I have started leaving Airon's seed dish in the loft 24/7. I don't need seed to call him, he follows me like a puppy. Have to keep my shop door closed or I find him setting and pooping on my table saw.

When I clean I through the extra seed to the chickens and guineas. Usually he flies down and eats with them.

He will put the run on a hen that is crowding him wile he eats.

I agree with you on guineas and the road. Mine will sometimes nest across the road and I lose them to cars.

Being ground nesters I lose more to coyotes.

I seem to hatch about as many as I lose each year, or a few more. The stables is on acreage so they have forest and pastures to wander in.

Gardening with guineas is great, 80% of their food intake is bugs, and they don't scratch like chickens.

The pigeons at the barn will clear the roof when they hear the guinea alarm call.

Harmony


----------



## Mindy (Apr 2, 2009)

Great information, I have learned allot. I have another question, I hope you don't mind Harmony. I put some of the poulty pellets in with my seed mixture, which also consist of lentils, green and yellow peas, whole corn, barley, brown rice, if I have a 5 gallon bucket of that mixture how much poultry pellets can I add, or should I even add it? They really seem to like them. As far as the starling food, I will take that away every morning before I let them out. Sunny will be very disappointed, every morning she runs to that bowl wondering what the starlings left. When everyone just said 1/4 cup per pigeon my mouth hit the ground, I probably put out at least couple of cups and I only have 4 pigeons, may explain the amount of food spread all over the place. 

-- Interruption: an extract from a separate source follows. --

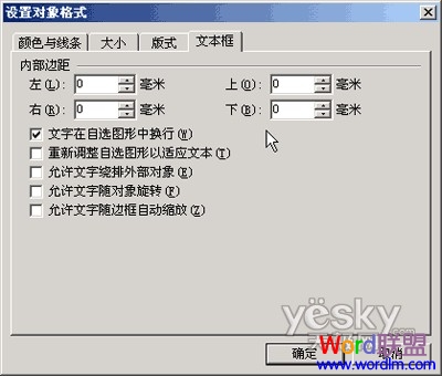 为便于控制,点击WPS“文本框”选项卡,将内部边距的4个数值全部设置为“0”(图2)。点击“确定”退出。

Harmony, I love hearing the story's of your flying puppy. Airon sounds amazing, at least the poop doesn't effect the saws performance but I'm sure it does get annoying. I'm glad that he rules the roost and controls the chickens. Keep the pictures coming. mindy


----------



## Harmony (Jul 28, 2009)

Mindy,

I give Airon a pigeon seed mix only.

I mix a pellet with scratch for the chickens, but have never offered pellets to Airon.

Pleased to hear you like the little tails of Airon's escapades.

Harmony


----------



## Mindy (Apr 2, 2009)

I have asked a couple of big pigeon people here in NJ and they all put some egg laying pellets in with there seed mix. Even the feed store guy. I just forgot to ask them how much, I will find out and let you know. My pigeon actually enjoy it. 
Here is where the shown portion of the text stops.